Disposing of the bottle, Essai slapped Willard hard on one cheek, then the other, sending blood rushing into his head. Willard started awake, his eyes blinking rapidly. Then he looked around.
“Where am I?” His voice was thick and furred.
When his tongue ran around his lips, Essai reached for the roll of duct tape.
“What’s this taste?”
As Willard started to retch, Essai slapped a length of tape across his mouth.
“If you vomit, you’ll suffocate. I advise you to clamp down on your gag reflex.”
He sat on the chair, rocking slowly as Willard struggled to regain his equilibrium. When he saw his prisoner winning that battle, he said, “My name is Jalal Essai.” His eyes opened wide at Willard’s response. “Ah, I see you’ve heard of me. Good. That makes my job easier. You’ve just come from seeing Benjamin El-Arian. It was El-Arian, I warrant, who told you about me. He painted me as the villain, I have no doubt. Well, heroes and villains—it’s all in your point of view. El-Arian would deny this, but then he’s proved himself to be irresolute, like a reed blown first this way then that by shifting winds.”

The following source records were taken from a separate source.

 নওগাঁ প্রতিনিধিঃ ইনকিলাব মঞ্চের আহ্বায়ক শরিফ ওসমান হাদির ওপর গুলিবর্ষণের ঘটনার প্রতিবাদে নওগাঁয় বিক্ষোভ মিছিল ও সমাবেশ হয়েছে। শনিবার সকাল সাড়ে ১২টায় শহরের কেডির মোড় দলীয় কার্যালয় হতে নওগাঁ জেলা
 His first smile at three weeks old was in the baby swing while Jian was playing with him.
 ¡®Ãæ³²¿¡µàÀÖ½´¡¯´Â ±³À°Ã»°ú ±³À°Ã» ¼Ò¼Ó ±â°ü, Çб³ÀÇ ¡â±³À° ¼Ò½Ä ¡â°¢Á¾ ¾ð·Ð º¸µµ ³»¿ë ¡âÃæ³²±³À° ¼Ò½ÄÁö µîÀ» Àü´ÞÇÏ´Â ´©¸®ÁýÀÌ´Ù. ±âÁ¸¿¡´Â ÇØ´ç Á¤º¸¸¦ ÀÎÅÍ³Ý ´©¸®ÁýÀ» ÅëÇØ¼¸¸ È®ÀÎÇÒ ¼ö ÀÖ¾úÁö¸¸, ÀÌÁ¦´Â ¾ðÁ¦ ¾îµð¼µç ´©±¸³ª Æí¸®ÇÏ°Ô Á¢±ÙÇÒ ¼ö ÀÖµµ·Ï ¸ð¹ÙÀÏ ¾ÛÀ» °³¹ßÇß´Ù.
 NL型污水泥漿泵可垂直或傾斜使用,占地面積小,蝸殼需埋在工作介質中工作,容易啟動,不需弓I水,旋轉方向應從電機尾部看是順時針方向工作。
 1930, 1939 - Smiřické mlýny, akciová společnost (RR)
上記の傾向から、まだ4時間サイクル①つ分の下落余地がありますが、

Essai rose, crossed to the bed, and ripped the tape off Willard’s mouth.
“I know you’re wondering about that taste in your mouth.” He smiled. “You swallowed a bottle of castor oil.” He pointed. “Hence the diaper. Not long from now some very nasty stuff is going to be coming out of you. The diaper will help contain it, or at least some of it. I’m afraid there will be too much for it to absorb, and then…” He shrugged.
“Whatever you want from me you won’t get.”
“Bravo! That’s the spirit! But sadly for you, I’ve already gotten what I want. Like others El-Arian has dealt with or sent after me, you’ll be dumped on his doorstep. This procedure will continue until he ceases his actions and forgets about me.”
“He’s not about to do that.”
“Then he and I have a long road to travel.” Essai wadded up the tape and threw it away. He stuffed the roll back into the black bag. “You, however, have a significantly shorter road to travel.”
“I don’t feel well.” Willard said this in a curious voice, as if he were a querulous child talking to himself.
“No,” Essai said, stepping back from the bed, “I don’t suppose you do.”